(This is chapter 4; click here for chapter 1, )
By Eric Teeters
Two hours had gone by since I met up with Lindsey again and went over how she got caught. Apparently, she was hiding in an abandoned building and when she went out for supplies, they tranquilized her and dragged her. Although not a very happy place, I couldn’t be happier knowing that she is with me. Lindsey and I sat in the commons area of the third floor talking about how she got here, and I explained the horror of knowing that my father is the warden and the anxiety of knowing that my mother is here. We get to the topic of how we are getting out of here when Ali come strolling up and sits beside me.
“So what are we talking about?” She said as she puts her head on the table.
“Just catching up,” I reply with a smirk.
We joked for a bit before Lindsey was taken away for some test and stuff. I then hung out in my room where Justin is on the bed reading a book. I sat down on my bed and looked up at him and said, “So how are you doing up here?”
He looked up at me with a bit of a glare, “Not as comfortable bed but so much quieter up here. Oh, I forgot to thank you for landing me here.” He said with a sarcastic quip.
“How many times do I have to say I’m sor…” is all I got out before he cut me off ” I was fine where I was at, and you came along and changed that and landed me with the unstables.”
“You think this has been easy for me either,” I returned feeling angry at the whole situation.
“Of course, it’s been easy for you. You get to see your girlfriend why wouldn’t you be happy,” he said, showing that he is just as angry.
“She isn’t my girlfriend; we are just friends,” I said rolling my eyes at his comment.
“Whatever,” he said, putting his nose back in his book.
I got up and left the room knowing that he just needs space. Getting moved up from the first floor to the third had been rough. I also needed space to calm down and breathe because I couldn’t let my anger get out of control because I didn’t know if the higher floors are just offices or for even crazier people. I didn’t wanna find out. I found Cameron roaming around with one of his marionette dolls, walking it down the hall. I waved to him and as he looked up. He waved back and made the doll wave back. That moment with the doll waving at me made me realize that we are still people and we don’t deserve this kind of treatment, and instead of breathing and letting my anger go, this place popped back in my head and made it worse. I tried and tried to get my anger to go away, but it only seemed to just get worse and worse as I go over being dragged to this place, finding out that Lindsey was here too, the argument with Justin, and most importantly finding out that my father knew I was in here and he did nothing to stop it. With all this anger I didn’t know what to do with, I just kept feeling the fury fall into my body and the struggle between fire and ice trying to come out of my body.

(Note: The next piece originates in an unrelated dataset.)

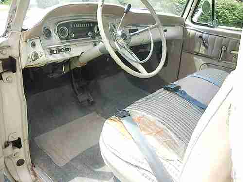 The floor mat and firewall cover are original and in good condition. The seat cushions seem fine, but the upholstery needs to be replaced and the correct fabric is available through SMS. The driver's side floor pan has several full thickness rust holes and although not a structural issue, should eventually be replaced. The sun visors are new reproduction and part of the headliner is missing.

I am going through this struggle and my body made the decision of fire. My body started smoking, and I was still trying to calm down. The fight against myself was unbreakable. Figuring the whole situation I was in I didn’t think about how it could get any worse, and in that moment, the strangest thing came over me–a wave of calm. I began to think that I was about to lose because it is always calm before the storm when a ray of light engulfed me, and I saw a woman standing in front of me in a white dress that flowed so elegantly to the ground. It almost looked like it was floating. I got to looking at the woman and wondering why she is here and how I got so calm. She opened her eyes and spoke.
“Eric, I know you’re angry, but what is the point in taking it out on all of these nice people who are in the same situation as you.”
I look down at her because she was a bit shorter than me. “I’m not angry at these people. It is this whole situation, and it got me to a point of no return in my anger.”
“I know that you know how to be calm, and I know you want to be calm but letting the anger consume you is a personal problem you have to fight on your own.” She said gently pressing her hand to my face.
When she put her hand on my face, I knew exactly who she was. I don’t know why I didn’t see it before. Maybe it was the light or the fact that she doesn’t wear dresses. I felt the wave of calm wash back over me and closed my eyes. As I sat there in a gentle bliss, I opened my eyes and looked back into hers and said ” I know that I will win this battle and not only over my anger, but I’ll fight for you to…… Mom.”